The SEC will likely expand the kinds of entities and individuals it targets and continue its work in several high-profile cases, according to panelists on a Securities Docket webcast recapping the SEC’s major activities in 2013 and looking ahead to this year. The panel disagreed on how accounting fraud cases have changed over time.
The panel included William R. McLucas and Douglas J. Davison, partners and leaders of the securities department at Wilmer Cutler Pickering Hale & Dorr LLP in Washington, and Martin S. Wilczynski and Jason S. Flemmons, senior managing directors at FTI Consulting in Washington.
Risks of Aggressive Enforcement
“I think the tone of what we’re hearing out of the commission is critical to what we’re going to see in the enforcement program” in 2014, McLucas, a former director of enforcement at the SEC, said. “The statements from the new chair . . . continue to reflect the very aggressive posture” the agency intends to take in its enforcement program.
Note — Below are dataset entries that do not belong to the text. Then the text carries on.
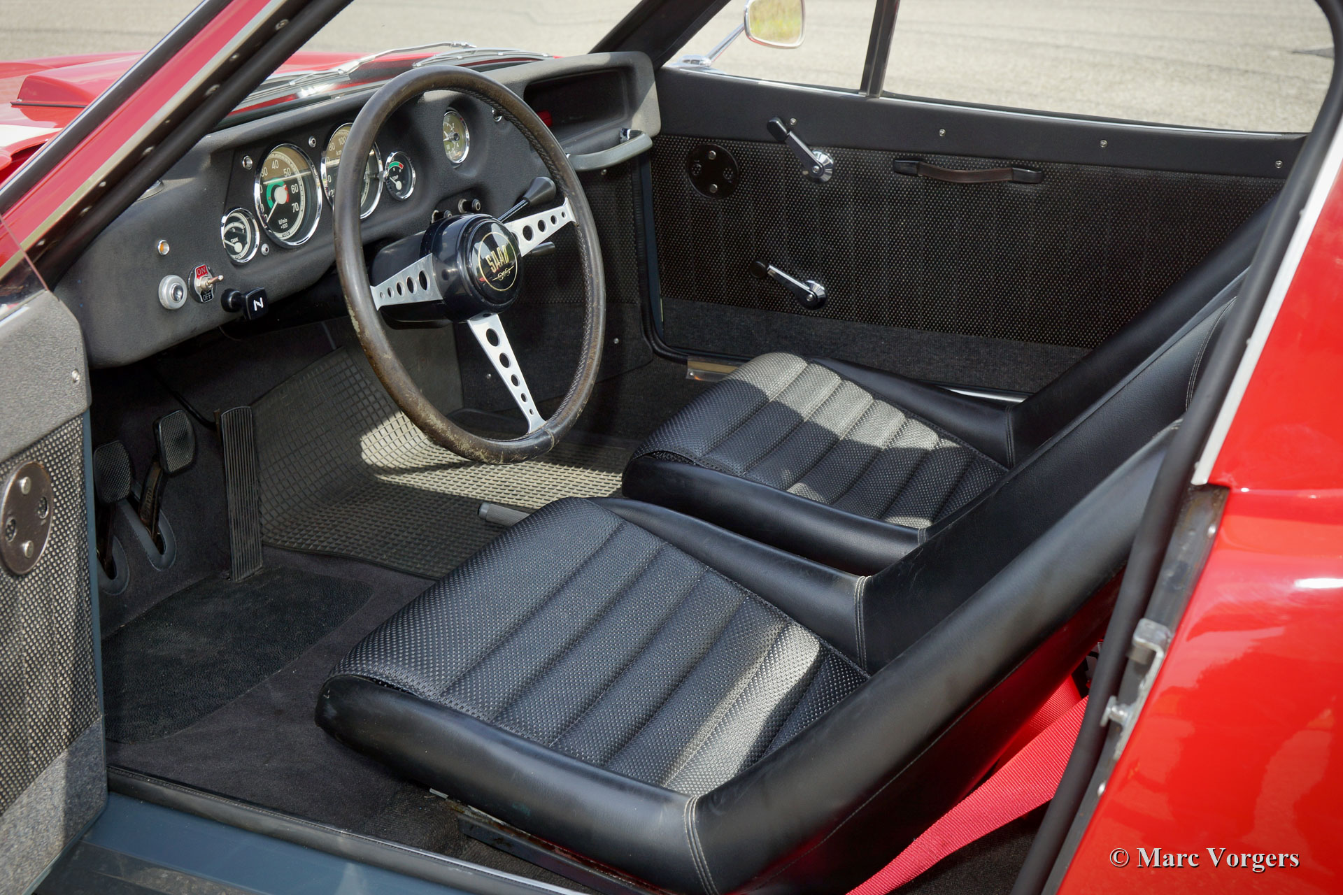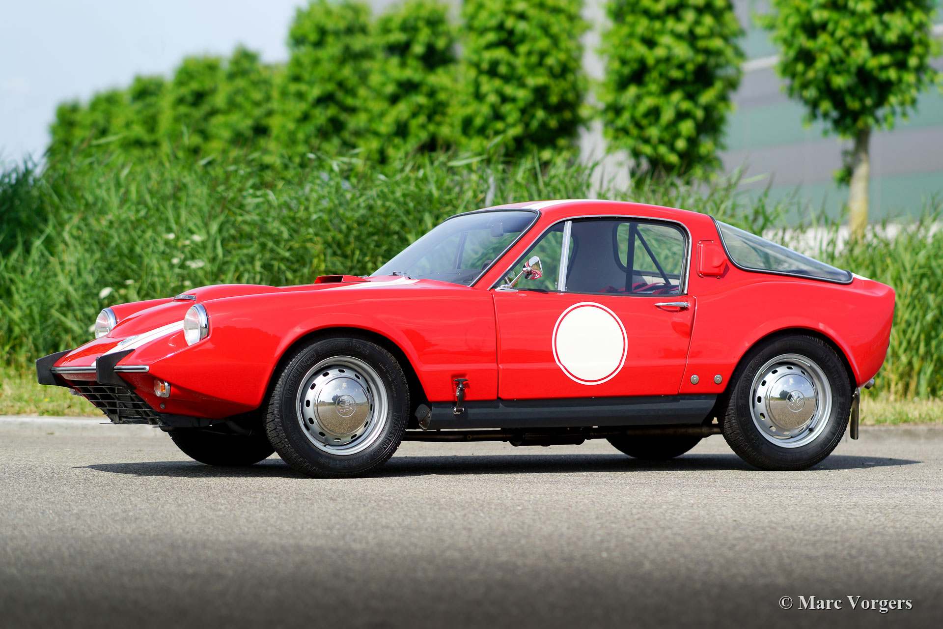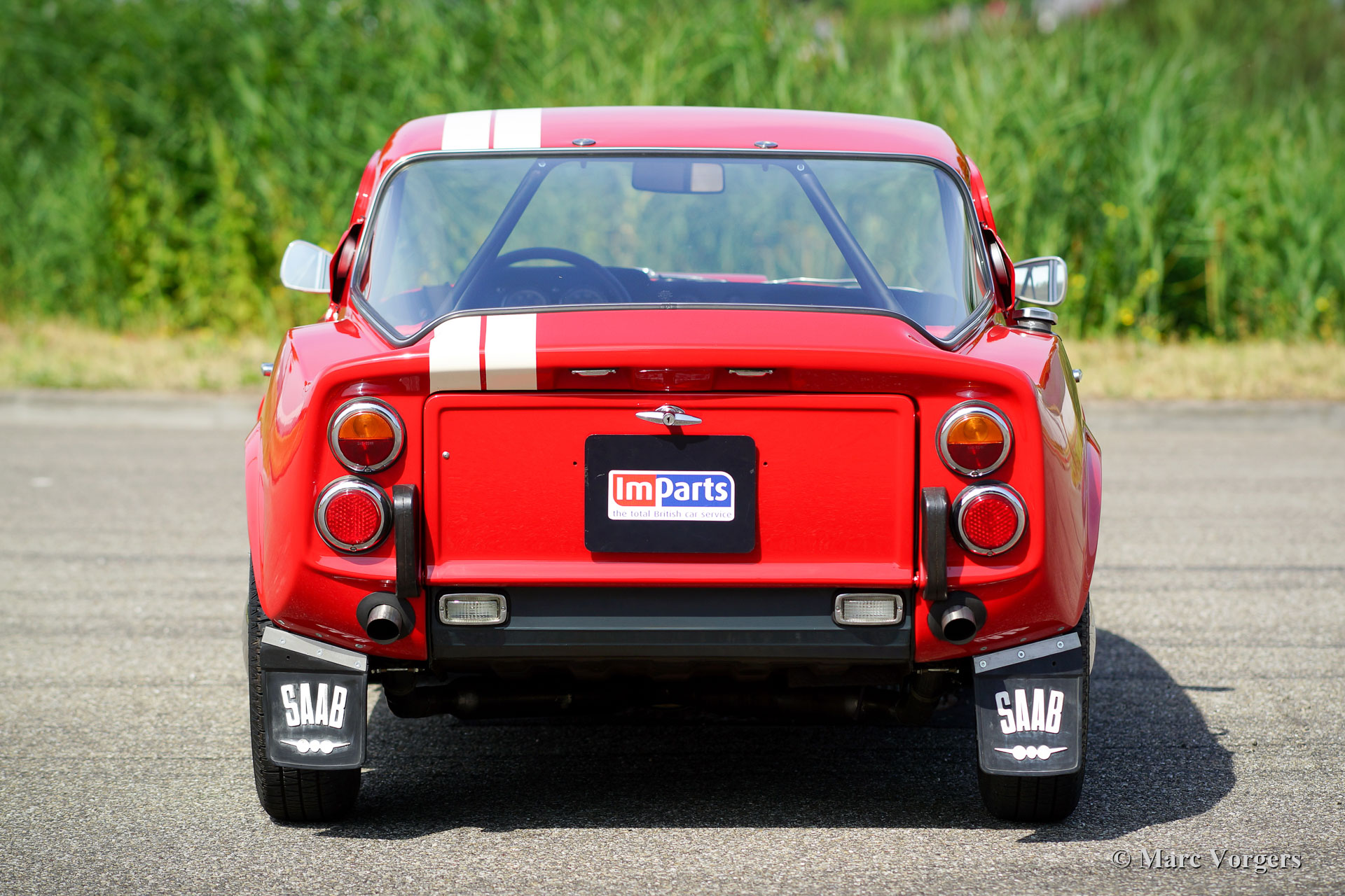 Saab Sonnett II V4, year 1968. Colour red with a black interior. This is a unique Saab Sonnett V4! The automobile was beautifully and extensively restored and rebuilt after it was imported from Germany to the Netherlands. Usually these cars must impress their drivers with 73 bhp under the throttle… THIS example has a SweedSpeed tuned engine delivering a stunning 140 bhp to the front wheels! A massive amount of power considering the weight of only 600 kilogrammes! The original 1500 cc Ford V4 engine was given a capacity of 1853 cc and a host of special parts which make it possible to rev-up to 7000 rpm. The Saab Sonnet features a 4-speed manually operated gearbox with steering column shift; this gearbox works perfectly. This rare classic car is fitted with bucket seats, four-point safety harnesses, 123 tune electronic ignition, an aluminium radiator, an automatic electric cooling-fan, an electric Facet ‘Red Top’ fuel pump, AVO adjustable shock absorbers on all wheels, (boxed) rally type front suspension, a 70 Ampère alternator and a beautifully made Stainless Steel header tank which also acts as a ‘strut’ between the left and right front suspension.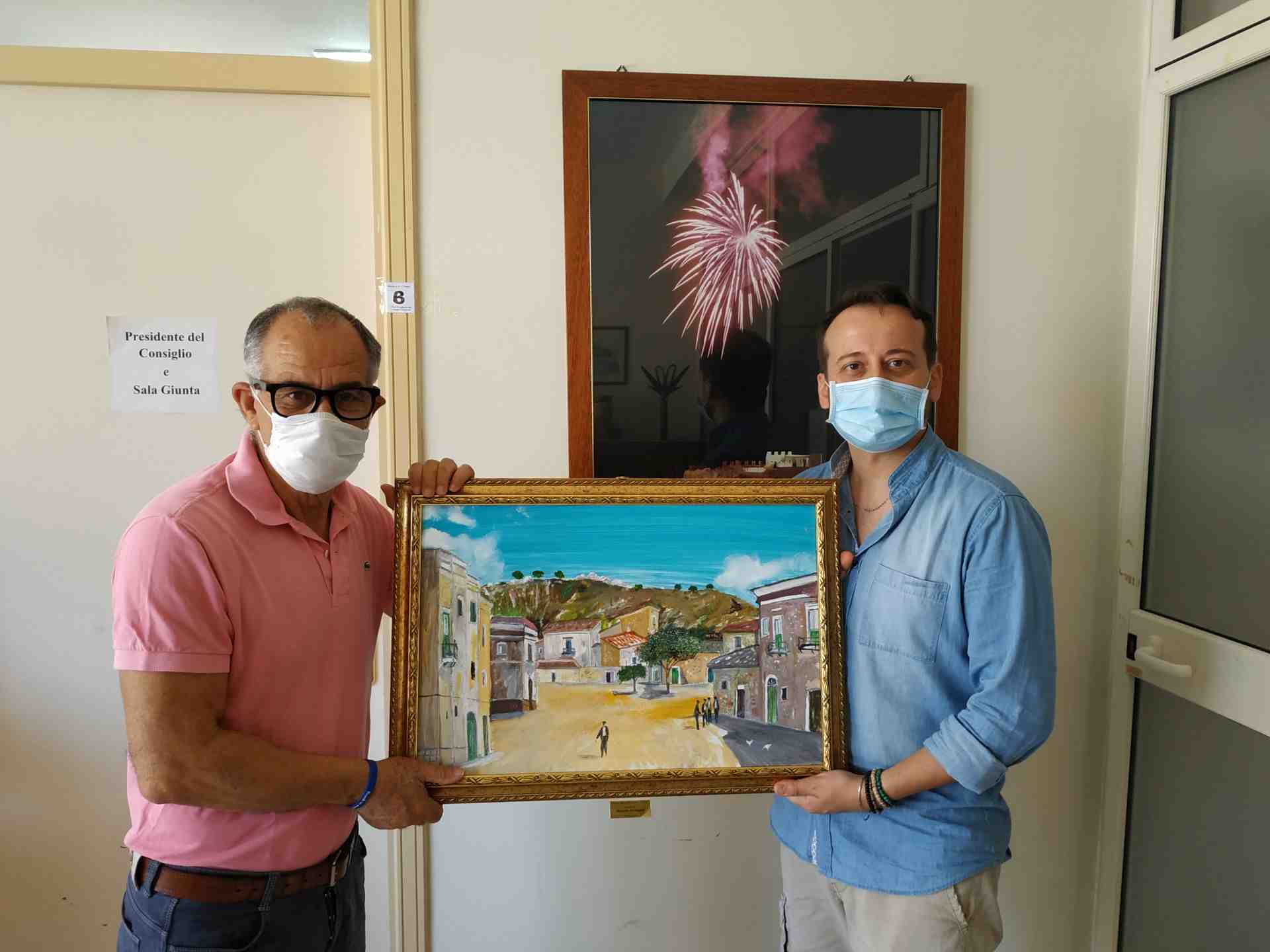 Il pittore deliano Marcello Occhipinti ha donato un suo quadro al sindaco Gianilippo Bancheri.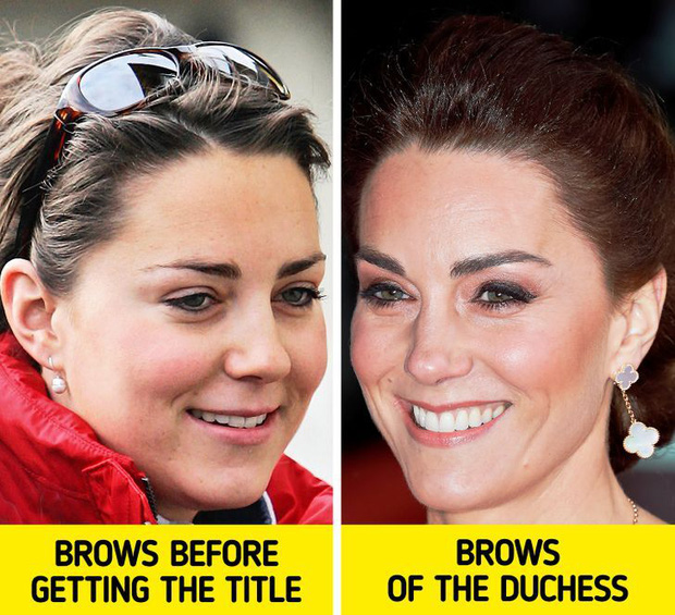 Có thể thấy, dáng mày tự nhiên của công nương Kate khá ngắn và thưa dần về phần đuôi. Phần đầu lông mày thì không vào nếp, khung lông mày cũng không cố định. Điều này khiến diện mạo cô nhạt nhòa, kém sắc nét hẳn đi. Nhưng khi làm dâu hoàng gia thì khác. Không chỉ tạo dáng mày theo đường cánh cung, Kate Middleton còn nâng đường cong chân mày lên cao hơn nhằm tăng thêm khoảng cách giữa mắt với lông mày. Nhờ đó mà diện mạo Công nương nhìn thanh thoát và... quyền lực hơn hẳn.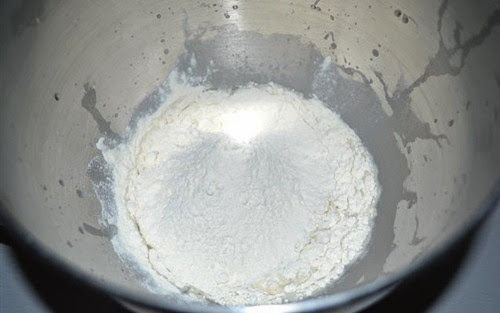 Προσθέστε το αλεύρι και αρχίζουμε να ζυμώνουμε.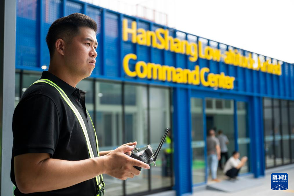 6月16日,在漢商低空港停機坪,一名工作人員在操控無人機起飛。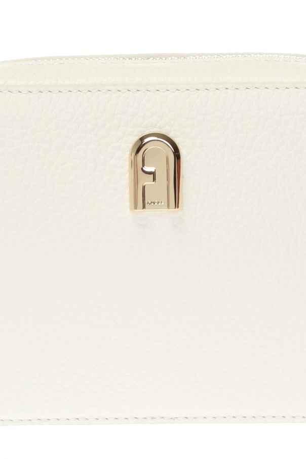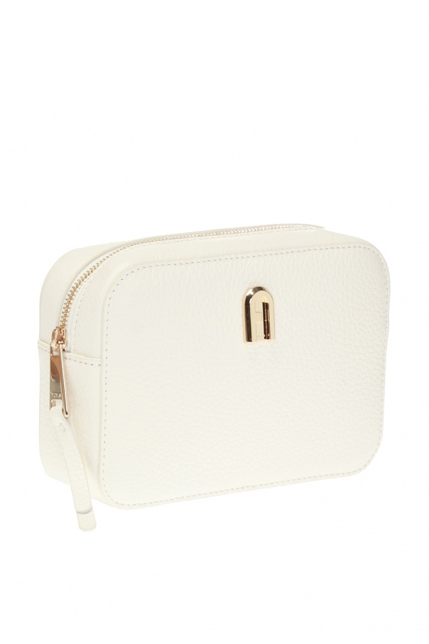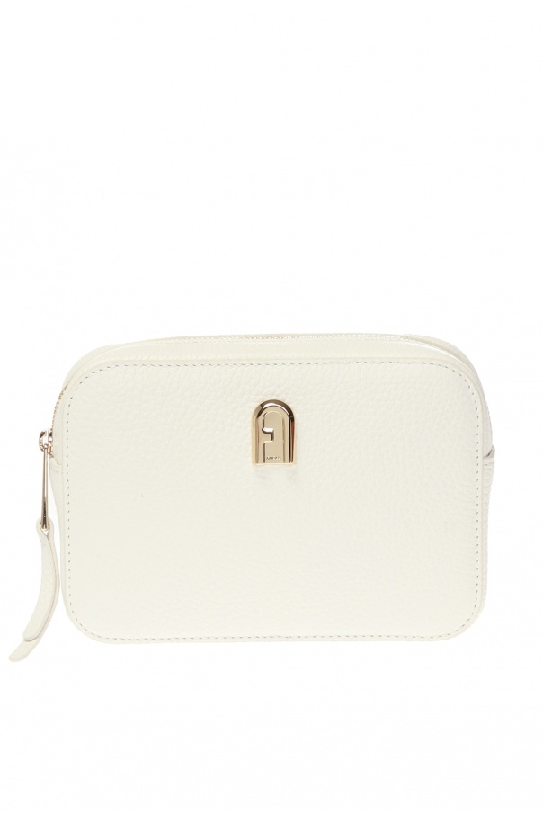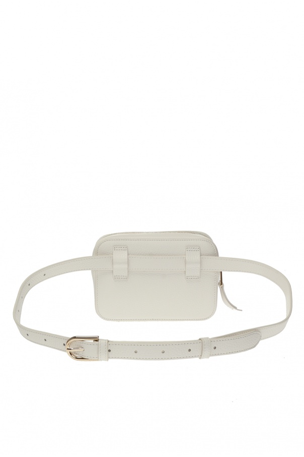 White ‘Sleek’ belt bag from Furla. Made of textured leather. Zip fastening. Decorated with a gold-tone logo applique. Detachable, adjustable shoulder strap. One compartment and a slip pocket inside. Gold-tone metal hardware.

“That raises some ominous risks for people in the markets,” McLucas said. He pointed to the agency’s statements that it will continue filing charges against individuals and expand its focus on pursuing so-called gatekeepers, going beyond lawyers and accountants to investment company boards and financial officers.
“And as the agency gets tougher [and] demands more, more and more people are willing to go to trial, and the risk, I think, for the agency’s trial record is increasing,” McLucas said.
The panel also took issue with SEC Chairman Mary Jo White’s plan for companies to admit wrongdoing when settling cases that have a “special need for public accountability and acceptance of responsibility.”
No-admit, no-deny has “worked quite well,” McLucas said, and the new standards for when to press for an admission are “not particularly enlightening.”
He said there have only been three cases so far, including an action against the “London Whale,” in which the SEC has required a company to admit wrongdoing in a settlement.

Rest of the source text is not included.